I apologize for the long silence here, my excuse is that i’ve been working on internal stuff lately, which is not well suited for producing eye-popping videos ;) Part of this work is better parallelization support and integration of the OpenCL API. My original goal for this blog post was to make a more detailed description of how this all works internally, but it turned out to be a rather long article, which should better be part of the design document and needs a little more work. Like most coders i’m not too fond of writing documentation (a necessary evil, i know), so please be patient. :) If you have any specific questions regarding OpenCL or CPU multithreading, feel free to ask in the comments or IRC or mailing list. Let me talk about some fun stuff and new features instead now.
New quaternion and matrix socket types
These usually describe rotations and transformations. There are currently no math nodes to modify these data types, but they can be selected and copied from data nodes. Note that euler angles and axis-angle representations are also converted to quaternions! This might be a bit of a problem when using euler angles, since the order of rotations matters for these. It’s best to directly use real quaternion rotation data where available.

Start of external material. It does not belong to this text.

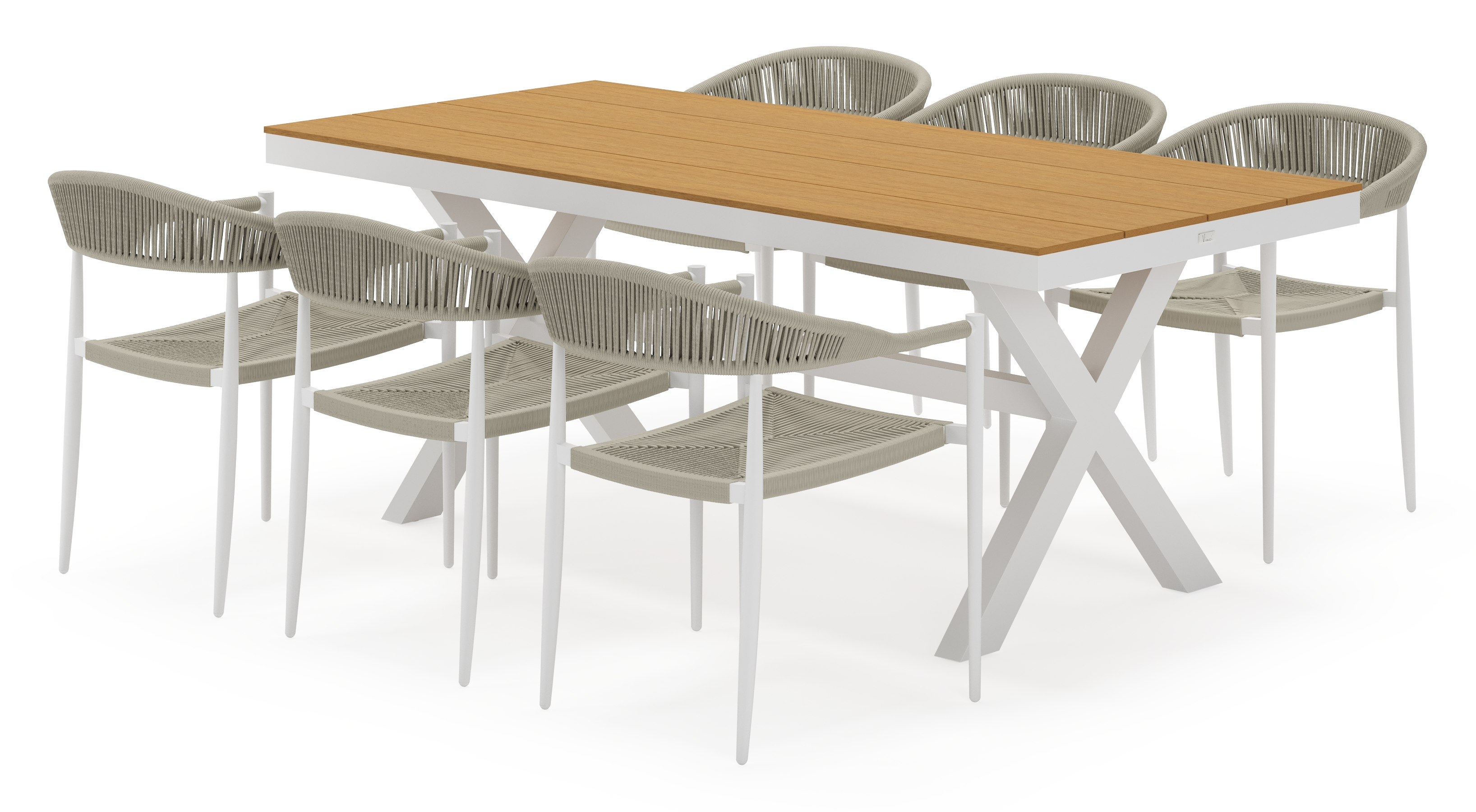 Het frame van de tafel is gemaakt uit roestvrij aluminium, een sterk, maar toch licht materiaal dat makkelijk verplaatsbaar is. Het oppervlak is glad afgewerkt waardoor het geen vuil aantrekt en onderhoudsvriendelijk is. De poedercoating zorgt voor de UV- en weerbestendigheid van je meubel.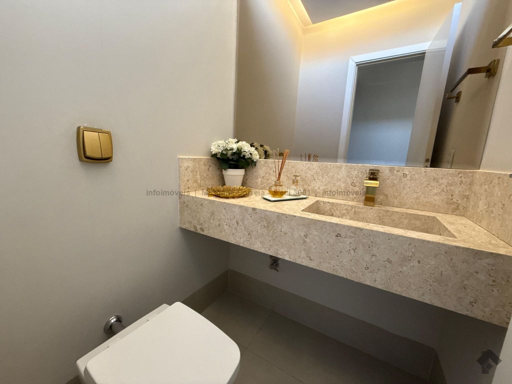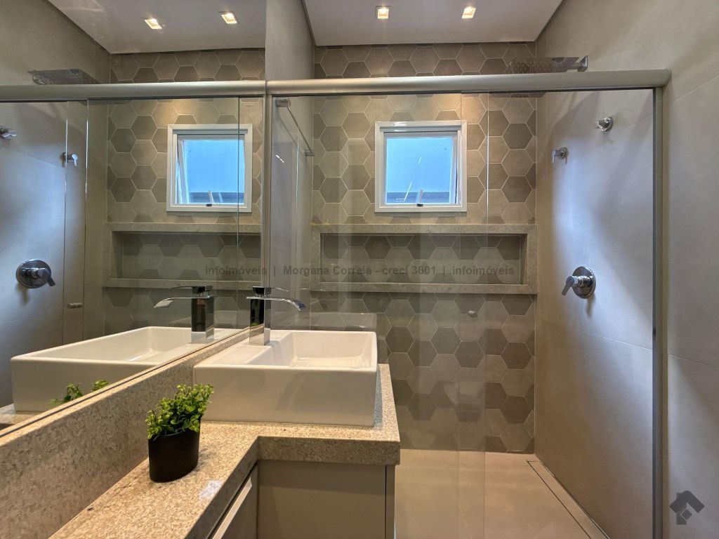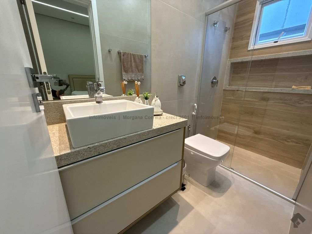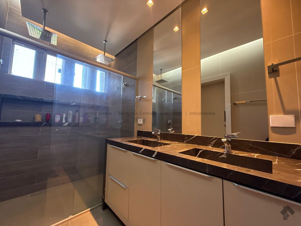 Janelas com persianas embutidas, espaço gourmet climatizado, piscina aquecida com prainha e iluminação em LED, sistema de aquecimento de água e energia fotovoltaica.

ForGroup node and the ‘self’ data context
As described in the previous post, there are different data contexts associated to each socket in the node tree. An powerful feature is the use of the “self” context. This is a special keyword that can be used in path inputs to refer to the context a data node is evaluated in. At the moment the places in which node trees exist are limited (in my branch they are still part of a ‘NodeTree’ modifier for particle sets), so the ‘self’ context on the base level isn’t all that interesting. But now there is a special loop node called “ForGroup”, which makes use of this feature:
This simple tree moves all objects in group “Group” by a small amount along the x-axis by adding to the location vectors. Note that the GetData and SetData nodes have no explicit input path set: they work in the object in the ‘self’ context. The ‘ForGroup’ node executes the subtree on the left side for each object in the group and sets the ‘self’ context accordingly. The path inputs of the data nodes could also use a relative path like “self.data.vertices” to access the vertices of the self-context object.
Plans and ideas
- Make shortcuts to common data nodes: current GetData/SetData nodes are a little cumbersome to use and many of the properties should not be accessed (partly this is due to missing flags in the RNA property settings). Making restricted data nodes for the most common data types (objects, meshes, etc.) will make this easier.
- Memory management is an important issue in node trees (this has been noted with compositor trees for some time). The idea is to activate nodes “from left to right”, so that the tree does not allocate all node buffer memory at one time. Instead the nodes should be activated successively, so that buffer memory allocation stays below a threshold to avoid problems and free memory as soon as possible.
- Another possible feature for saving memory could be the “concatenation” of certain nodes: Many node kernels (esp. math nodes) only work on one single work item at a time. When several of these nodes are chained together (as is often the case in complex math expressions), the internal buffers between them might be avoided completely.
- Many people have been asking for specific node tree uses. While there are many good ideas among these, you will have to accept that my time and capabilities are limited. Here are some of the things that will unfortunately not be part of my work (which doesn’t mean somebody else couldn’t implement them some day using the features i added):
- Node tree drivers (as an alternative to python expressions)
- Video compositing
- Mesh modifier replacement
- Rigging systems
- What i will concentrate on instead is the implementation of particle simulation features using nodes. Next step for creating more interesting particle effects will be a mesh sampling node for generating points on a mesh surface/volume. This will allow the implementation of common particle emitters.